Materialization

How dbt persists a model in the warehouse — as a view, a table, an incremental table, or ephemeral (inlined CTE). Chosen per model to balance freshness, cost, and query speed.

A materialization is dbt's strategy for turning your SELECT into something in the warehouse. The four built-ins: `view` (no storage, always fresh, slower to query), `table` (rebuilt each run, fast to query), `incremental` (append/merge only new rows), and `ephemeral` (not persisted at all — inlined as a CTE into downstream models).

The choice is a cost-versus-speed trade-off. Views are cheap but push compute to query time; tables cost storage and build time but are fast to read; incremental tables are for large facts where full rebuilds are too expensive.

A common pattern: views for staging, tables for marts, incremental for the few enormous fact tables.
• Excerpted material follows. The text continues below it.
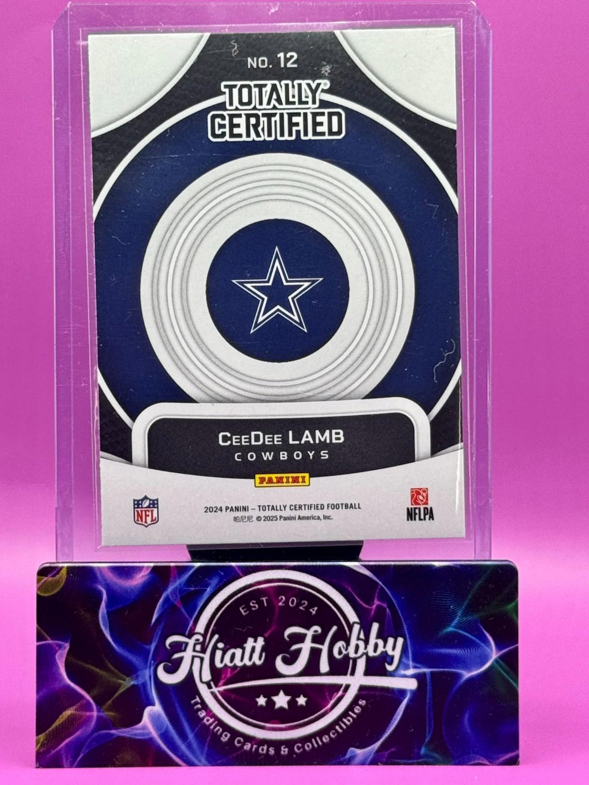 The 2024 Panini Total Certified Football card featuring CeeDee Lamb #12 is a highly sought-after collectible for fans of the Dallas Cowboys and football enthusiasts. This standard-sized card is made of card stock with a 20 Pt. thickness, perfect for showcasing intricate designs and details. The On Target insert set adds a unique element to the card, making it a standout piece in any collection. Manufactured by Panini, this original sports trading card is a valuable addition to any football card collection, especially for those following the career of CeeDee Lamb in the NFL.

Set it with `{{ config(materialized='table') }}` per model or as a folder default in `dbt_project.yml`.

Why it matters

Materialization is the main lever you have over the cost/speed/freshness trade-off in a dbt project. Defaulting everything to one strategy is how teams end up with either huge warehouse bills or painfully slow dashboards.
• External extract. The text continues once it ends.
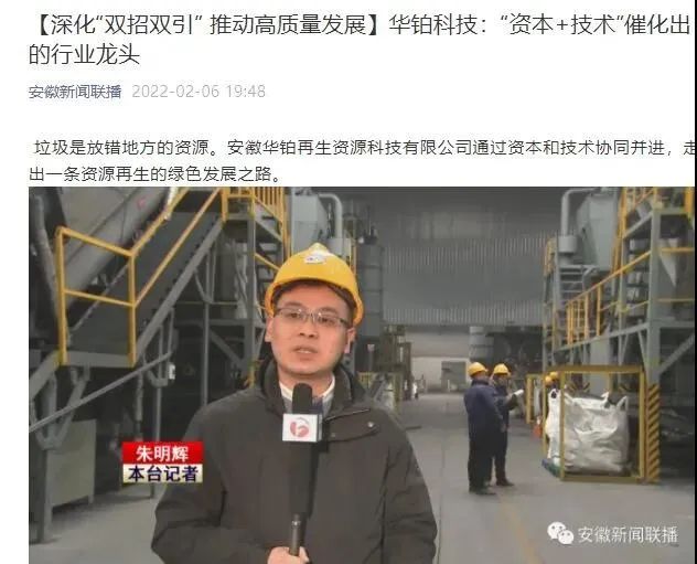 《安徽新闻联播》播出《深化“双招双引” 推动高质量发展 华铂科技:“资本+技术”催化出的行业龙头》,介绍了界首市积极融入长三角一体化发展战略,推进“双招双引”工作,打造资源再生产业集群促进县域经济高质量发展的事例。

Choosing materializations deliberately per layer is a hallmark of a well-run project.

Common mistakes
  • Materializing everything as tables, inflating build time and storage cost.
  • Using views for heavy marts that get queried constantly, pushing expensive compute to every dashboard load.
FAQ
What are the dbt materialization types?
view, table, incremental, and ephemeral. Views are cheap and fresh; tables are fast to query; incremental processes only new rows; ephemeral inlines the model as a CTE without persisting it.